Depending on where you look, you might get a straightforward solution to this. More likely, however, you will come across documentation telling you that matplotlib has to run on a framework build of Python and that your only options are one of several pretty cumbersome solutions.
BUT I was able to work around it with another method that is not referenced in the FAQ documentation on this issue. It works well and is easy to implement, so I thought I'd document it here and channel some OutKast to celebrate pretty graphs and separate dependencies. 🙌
(Note: I've also documented in the issue tracker for the project.)
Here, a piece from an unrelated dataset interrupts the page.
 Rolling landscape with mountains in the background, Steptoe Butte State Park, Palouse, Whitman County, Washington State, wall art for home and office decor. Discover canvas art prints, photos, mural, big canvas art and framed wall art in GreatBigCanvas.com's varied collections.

You can change the matplotlib backend to get matplotlib to work in a virtual environment:
There are (at least) three solutions I've used, with some additional methods included below. Each outlined here should to the same thing with a slightly different approach:
If you already installed matplotlib using pip on your virtual environment, you can...
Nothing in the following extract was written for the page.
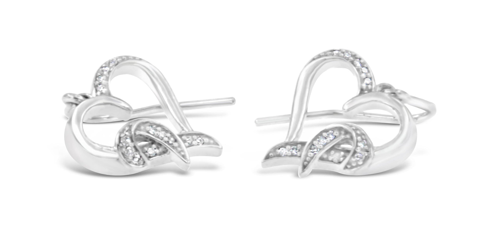 Representing the symbol of love, these heart shaped earrings are composed of high-quality sterling silver and buffed high to shine. The stunning jewel is embellished with sparkling round cut diamonds in a pave setting. The authentic earrings make a must-have accessory that every woman should have in her collection.
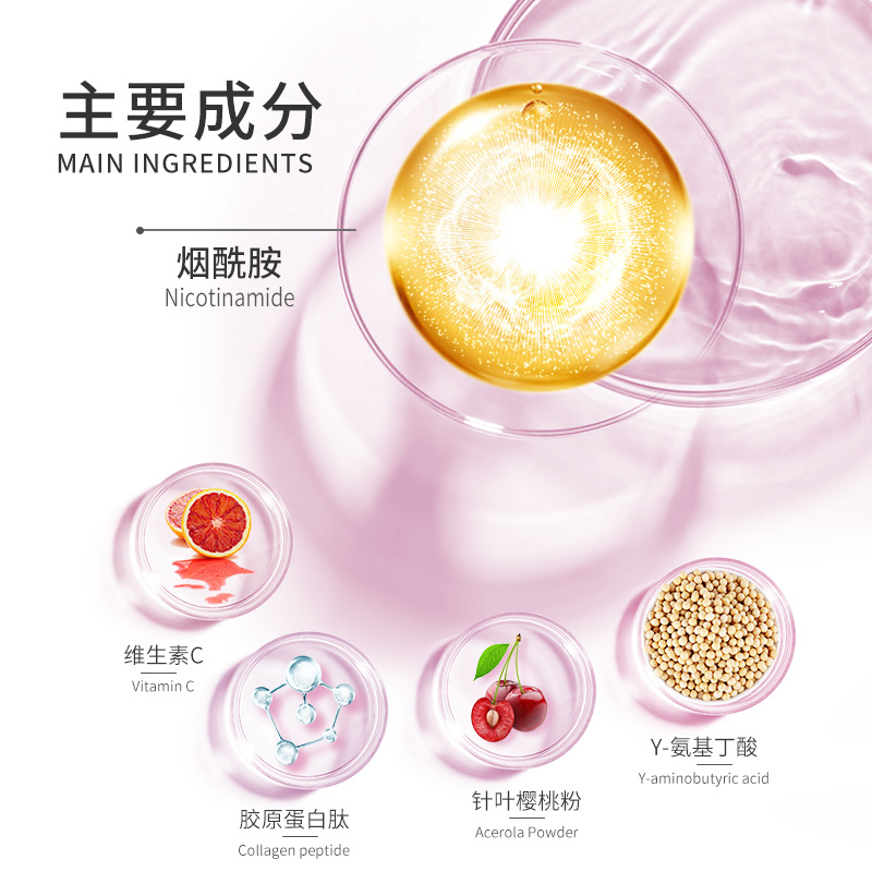 煙酰胺、血橙果粉、針葉櫻桃、紅石榴、魚膠原蛋白肽、y-氨基丁酸、維生素C、維生素A、維生素B1 等

1. Add a new matplotlibrc file for your virtual environment
For example, in your virtual environment run:
$ cd ~/.matplotlib $ nano matplotlibrc #to create file using nano
Write backend: TkAgg
in the file and save upon exit. You should be good to go.
*OR*
2. Edit the matplotlibrc file referenced by your virtual environment
In your virtual environment, open a python shell and run:
import matplotlib matplotlib.matplotlib_fname() '/home/foo/.config/matplotlib/matplotlibrc' **NOTE: if you get a syntax error in your virtual environment, you might need to simply run: import matplotlib matplotlib.matplotlib_fname()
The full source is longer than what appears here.